Another character, of great importance, possessed by all Coelenterata is the "nematocyst" or "thread-cell" (Fig. 124). This is an organ produced within the body of a cell called the "cnidoblast," and it consists of a vesicular wall or capsule, surrounding a cavity filled with fluid containing a long and usually spirally coiled thread continuous with the wall of the vesicle. When the nematocyst is fully developed and receives a stimulus of a certain character, the thread is shot out with great velocity and causes a sting on any part of an animal that is sufficiently delicate to be wounded by it.

The morphology and physiology of the nematocysts are subjects of very great difficulty and complication, and cannot be discussed in these pages.

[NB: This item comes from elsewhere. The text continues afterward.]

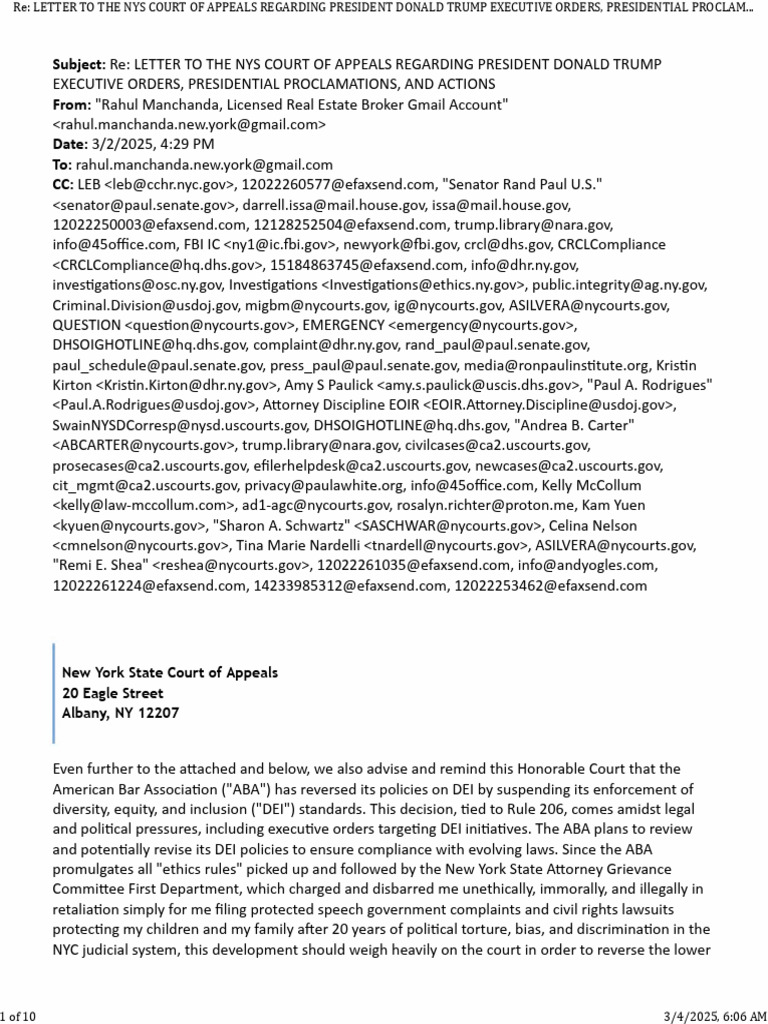 Letter To The NYS Court of Appeals Regarding President Donald Trump

It may, however, be said that by some authorities the cnidoblast is supposed to be an extremely modified form of mucous or gland cell, and that the discharge of the nematocyst is subject to the control of a primitive nervous system that is continuous through the body of the zooid.

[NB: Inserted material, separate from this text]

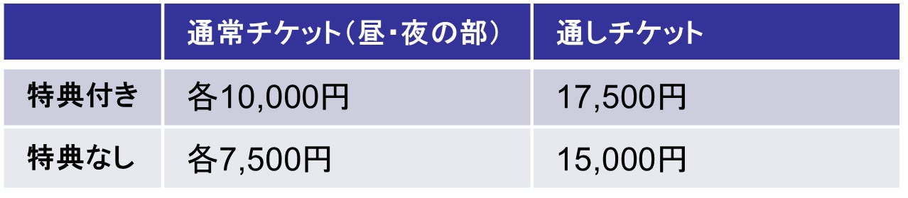 【チケット料金】 ※税込表記 ※通しチケットは、昼夜公演で同一の座席番号となります。

There is a considerable range of structure in the nematocysts of the Coelenterata. In Alcyonium and in many other Alcyonaria they are very small (in Alcyonium the nematocyst is 0.0075 mm. in length previous to discharge), and when discharged exhibit a simple oval capsule with a plain thread attached to it. In Hydra (Fig. 124) there are at least two kinds of nematocysts, and in the larger kind (0.02 mm. in length previous to discharge) the base of the thread is beset with a series of recurved hooks, which during the act of discharge probably assist in making a wound in the organism attacked for the injection of the irritant fluid, and possibly hold the structure in position while the thread is being discharged. In the large kind of nematocyst of Millepora and of Cerianthus there is a band of spirally arranged but very minute thorns in the middle of the thread, but none at the base. In some of the Siphonophora the undischarged nematocysts reach their maximum size, nearly 0.05 mm. in length.